Reputation: 741
I'm currently experiencing some unexpected behaviour in numpy. I am trying to add a column to a DataFrame which does some math on two other columns. These columns also contain a few strings of 'N/A'.
import pandas as pd
import numpy as np
my_list = []
my_list.append({'Value A':1, 'Value B':2})
my_list.append({'Value A':6, 'Value B':4})
my_list.append({'Value A':7, 'Value B':5})
my_list.append({'Value A':'N/A', 'Value B':6})
my_list.append({'Value A':12, 'Value B':10})
my_list.append({'Value A':2, 'Value B':2})
my_list.append({'Value A':9, 'Value B':'N/A'})
my_list.append({'Value A':8, 'Value B':3})
my_list.append({'Value A':22, 'Value B':6})

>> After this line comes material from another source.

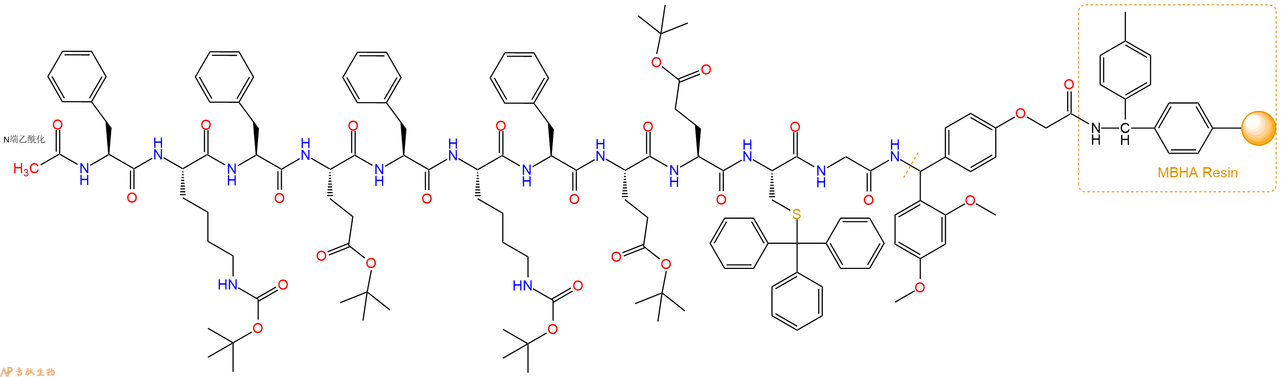 Fmoc-Phe-Lys(Boc)-Phe-Glu(OtBu)-Phe-Lys(Boc)-Phe-Glu(OtBu)-Glu(OtBu)-Cys(Trt)-Gly-Linker-MBHA Resin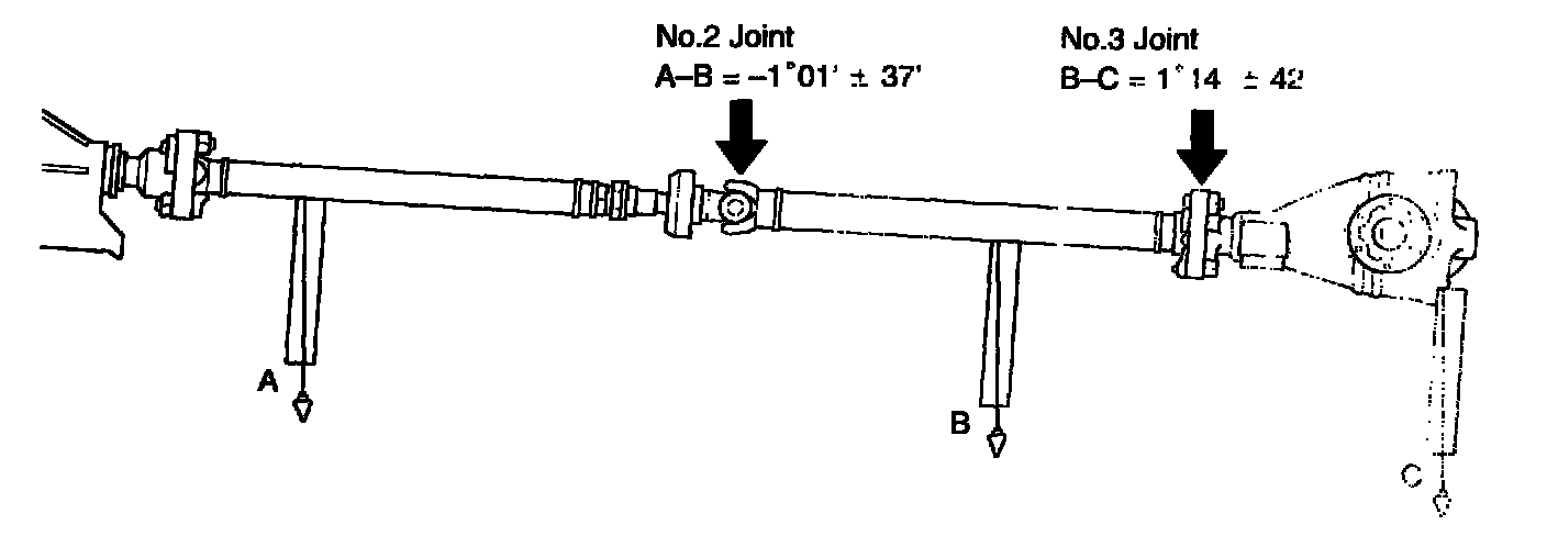 NOTICE: When performing operations which involve the removal and installation of the propeller shaft, always check the joint angle. Make adjustments if necessary.

my_df = pd.DataFrame(my_list)
I then try to do a np.where() statement on this. First I check that, before I do any math, that both values are not 'N/A' because I convert them to floats if the condition is met:
my_df['New'] = np.where((my_df['Value A'].str != 'N/A') &
(my_df['Value B'].str != 'N/A'),
my_df['Value A'].astype(float) - my_df['Value B'].astype(float),
'N/A')
However when this is ran, I get an error on the numpy.where:
ValueError: could not convert string to float: N/A
I was under the impression that the conversion should not have even taken place, given that the condition should have failed when one of the values were 'N/A'.
Could anyone share any insight?
Upvotes: 0
Views: 451
Reputation: 19885
All the arguments to Python functions, in general, are evaluated before the function is called. The behaviour you want would be present in a for
loop, but that would be slow and ugly.
Instead, you should use pd.to_numeric
:
converted = my_df[['Value A', 'Value B']].transform(pd.to_numeric, errors='coerce')
result = converted['Value A'] - converted['Value B']
print(result)
filled_result = result.fillna('N/A')
print(filled_result)
Output:
0 -1.0
1 2.0
2 2.0
3 NaN
4 2.0
5 0.0
6 NaN
7 5.0
8 16.0
dtype: float64
0 -1
1 2
2 2
3 N/A
4 2
5 0
6 N/A
7 5
8 16
dtype: object
Upvotes: 2